Extracted records
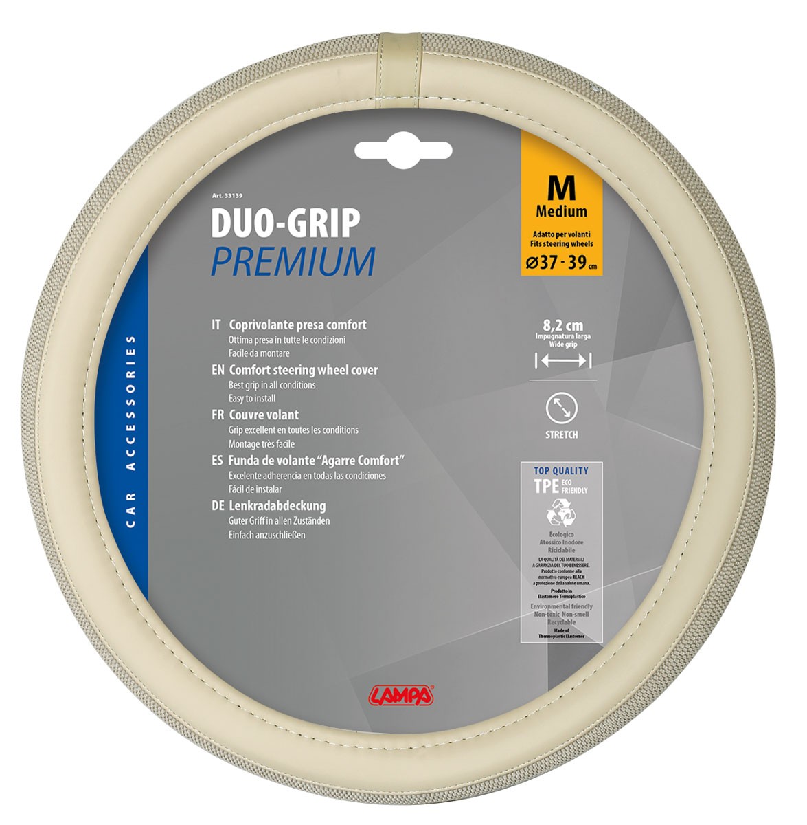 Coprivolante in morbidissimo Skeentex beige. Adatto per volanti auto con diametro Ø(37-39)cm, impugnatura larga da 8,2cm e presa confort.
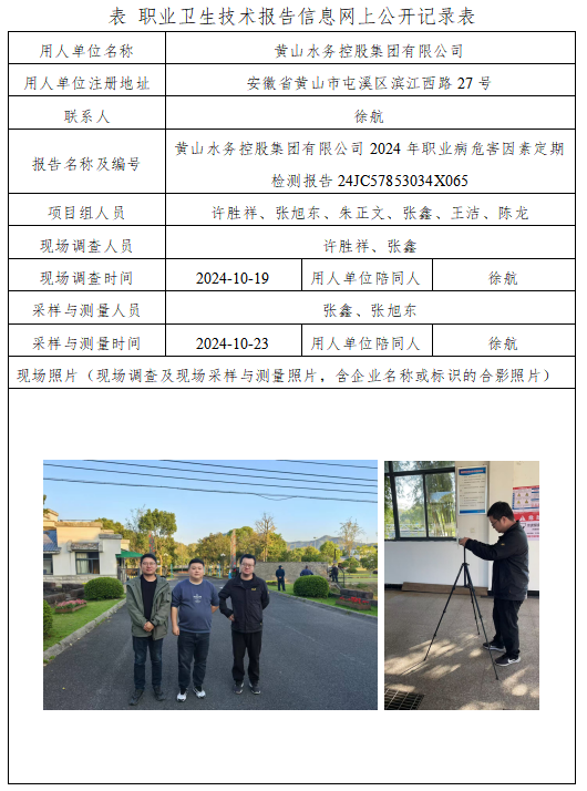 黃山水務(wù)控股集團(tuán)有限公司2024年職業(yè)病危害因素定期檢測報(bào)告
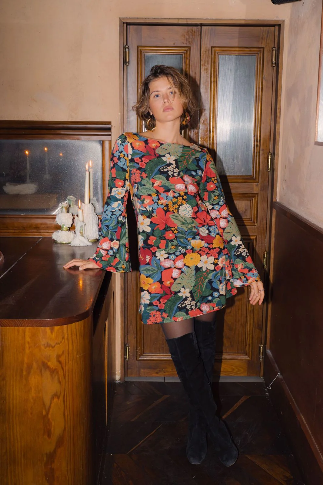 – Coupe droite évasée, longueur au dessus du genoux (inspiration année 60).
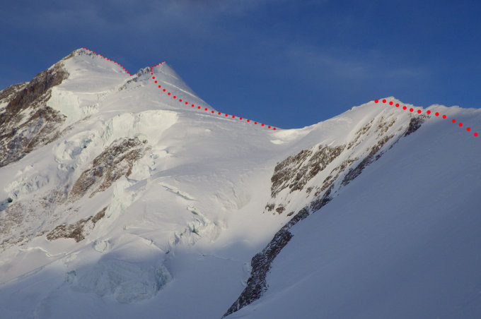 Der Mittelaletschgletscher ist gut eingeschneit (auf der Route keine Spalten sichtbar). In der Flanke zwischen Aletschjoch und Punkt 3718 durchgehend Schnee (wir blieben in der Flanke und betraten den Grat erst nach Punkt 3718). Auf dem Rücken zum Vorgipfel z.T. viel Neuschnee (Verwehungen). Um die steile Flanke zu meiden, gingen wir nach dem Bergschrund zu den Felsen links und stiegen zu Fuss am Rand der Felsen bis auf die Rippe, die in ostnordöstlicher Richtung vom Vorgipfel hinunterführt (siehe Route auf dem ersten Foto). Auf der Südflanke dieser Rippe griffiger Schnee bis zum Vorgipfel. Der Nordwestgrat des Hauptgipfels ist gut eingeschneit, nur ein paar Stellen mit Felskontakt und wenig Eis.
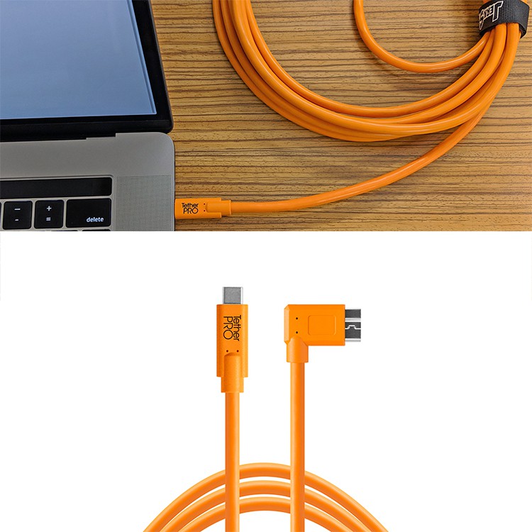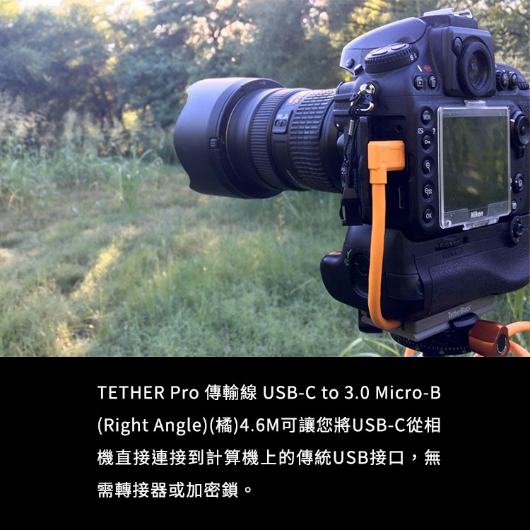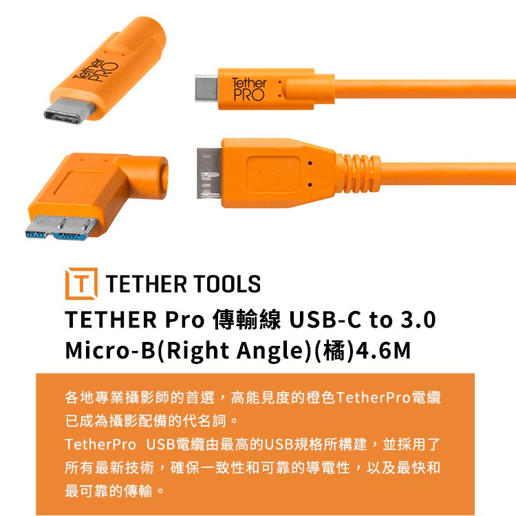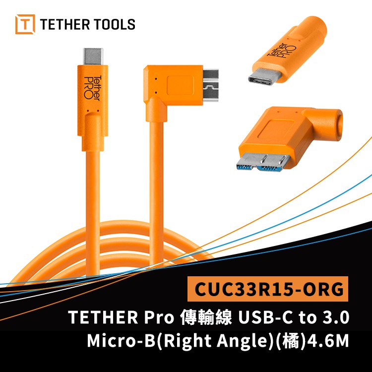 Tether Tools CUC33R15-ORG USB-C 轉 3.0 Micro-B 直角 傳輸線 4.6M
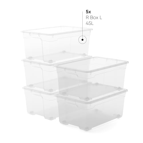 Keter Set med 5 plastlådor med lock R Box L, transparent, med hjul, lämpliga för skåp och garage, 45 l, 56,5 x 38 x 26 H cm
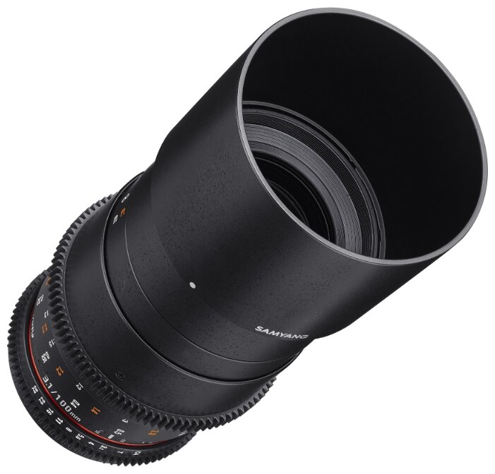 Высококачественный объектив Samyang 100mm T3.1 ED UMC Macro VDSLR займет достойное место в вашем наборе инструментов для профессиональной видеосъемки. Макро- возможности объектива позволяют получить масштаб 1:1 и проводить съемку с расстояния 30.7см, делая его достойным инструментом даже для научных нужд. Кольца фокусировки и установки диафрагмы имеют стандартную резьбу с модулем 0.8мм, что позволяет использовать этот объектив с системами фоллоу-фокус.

[Prompt]
Could you output every record above exactly as it appears, without the pictures?

[Task result]
 Coprivolante in morbidissimo Skeentex beige. Adatto per volanti auto con diametro Ø(37-39)cm, impugnatura larga da 8,2cm e presa confort.
 黃山水務(wù)控股集團(tuán)有限公司2024年職業(yè)病危害因素定期檢測報(bào)告
 – Coupe droite évasée, longueur au dessus du genoux (inspiration année 60).
 Der Mittelaletschgletscher ist gut eingeschneit (auf der Route keine Spalten sichtbar). In der Flanke zwischen Aletschjoch und Punkt 3718 durchgehend Schnee (wir blieben in der Flanke und betraten den Grat erst nach Punkt 3718). Auf dem Rücken zum Vorgipfel z.T. viel Neuschnee (Verwehungen). Um die steile Flanke zu meiden, gingen wir nach dem Bergschrund zu den Felsen links und stiegen zu Fuss am Rand der Felsen bis auf die Rippe, die in ostnordöstlicher Richtung vom Vorgipfel hinunterführt (siehe Route auf dem ersten Foto). Auf der Südflanke dieser Rippe griffiger Schnee bis zum Vorgipfel. Der Nordwestgrat des Hauptgipfels ist gut eingeschneit, nur ein paar Stellen mit Felskontakt und wenig Eis.
 Tether Tools CUC33R15-ORG USB-C 轉 3.0 Micro-B 直角 傳輸線 4.6M
 Keter Set med 5 plastlådor med lock R Box L, transparent, med hjul, lämpliga för skåp och garage, 45 l, 56,5 x 38 x 26 H cm
 Высококачественный объектив Samyang 100mm T3.1 ED UMC Macro VDSLR займет достойное место в вашем наборе инструментов для профессиональной видеосъемки. Макро- возможности объектива позволяют получить масштаб 1:1 и проводить съемку с расстояния 30.7см, делая его достойным инструментом даже для научных нужд. Кольца фокусировки и установки диафрагмы имеют стандартную резьбу с модулем 0.8мм, что позволяет использовать этот объектив с системами фоллоу-фокус.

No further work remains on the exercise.